The data:
··········

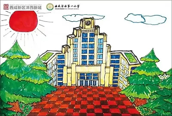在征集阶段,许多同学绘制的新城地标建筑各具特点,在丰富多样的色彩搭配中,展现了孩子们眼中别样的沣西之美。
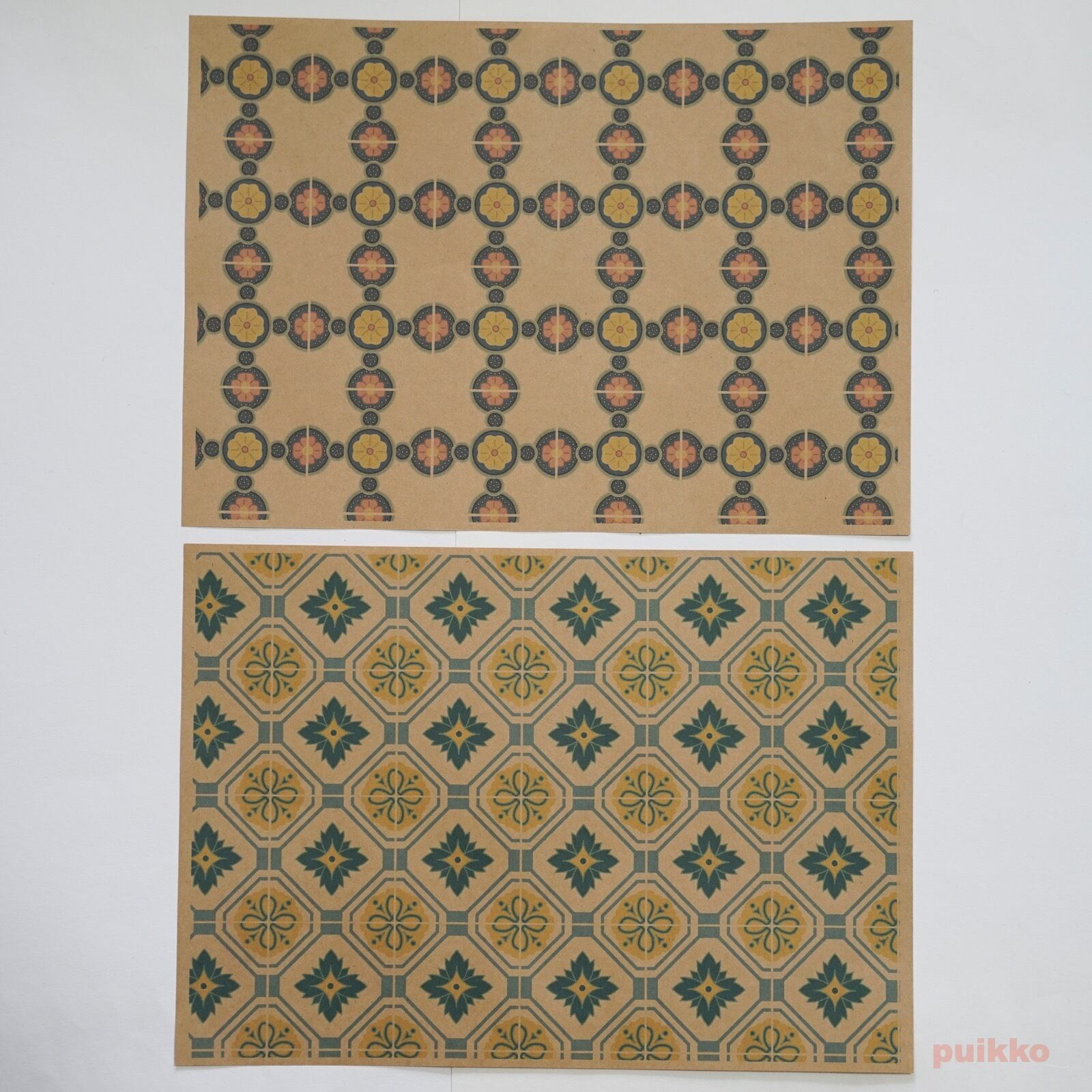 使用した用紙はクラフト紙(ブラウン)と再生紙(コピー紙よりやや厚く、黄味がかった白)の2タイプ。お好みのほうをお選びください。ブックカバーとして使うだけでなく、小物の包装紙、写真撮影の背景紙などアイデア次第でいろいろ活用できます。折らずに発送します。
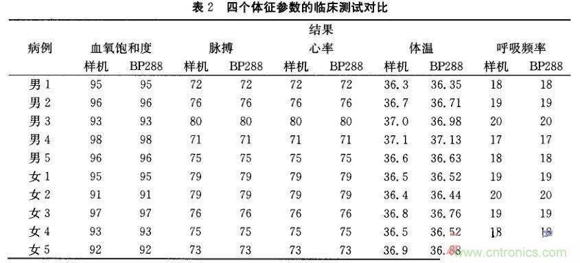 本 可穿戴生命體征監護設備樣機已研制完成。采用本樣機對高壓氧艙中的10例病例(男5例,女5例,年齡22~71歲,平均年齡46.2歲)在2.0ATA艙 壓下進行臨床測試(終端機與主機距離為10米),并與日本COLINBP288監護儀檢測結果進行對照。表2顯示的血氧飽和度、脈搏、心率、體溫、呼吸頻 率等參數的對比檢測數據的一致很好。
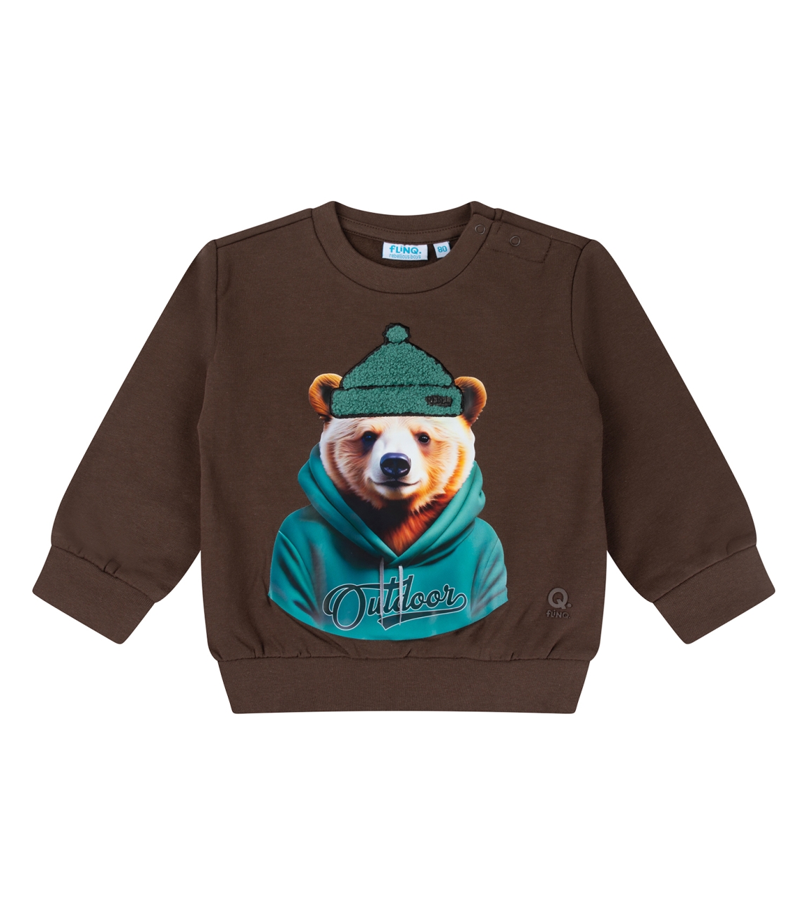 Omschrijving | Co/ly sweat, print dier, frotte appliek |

··········

Task requirements:
In your reply, please print exactly the lines from the one with "使用した用紙はクラフト紙(ブ" through the final line of the listing above, both included, and no pictures.

Written reply:
 使用した用紙はクラフト紙(ブラウン)と再生紙(コピー紙よりやや厚く、黄味がかった白)の2タイプ。お好みのほうをお選びください。ブックカバーとして使うだけでなく、小物の包装紙、写真撮影の背景紙などアイデア次第でいろいろ活用できます。折らずに発送します。
 本 可穿戴生命體征監護設備樣機已研制完成。采用本樣機對高壓氧艙中的10例病例(男5例,女5例,年齡22~71歲,平均年齡46.2歲)在2.0ATA艙 壓下進行臨床測試(終端機與主機距離為10米),并與日本COLINBP288監護儀檢測結果進行對照。表2顯示的血氧飽和度、脈搏、心率、體溫、呼吸頻 率等參數的對比檢測數據的一致很好。
 Omschrijving | Co/ly sweat, print dier, frotte appliek |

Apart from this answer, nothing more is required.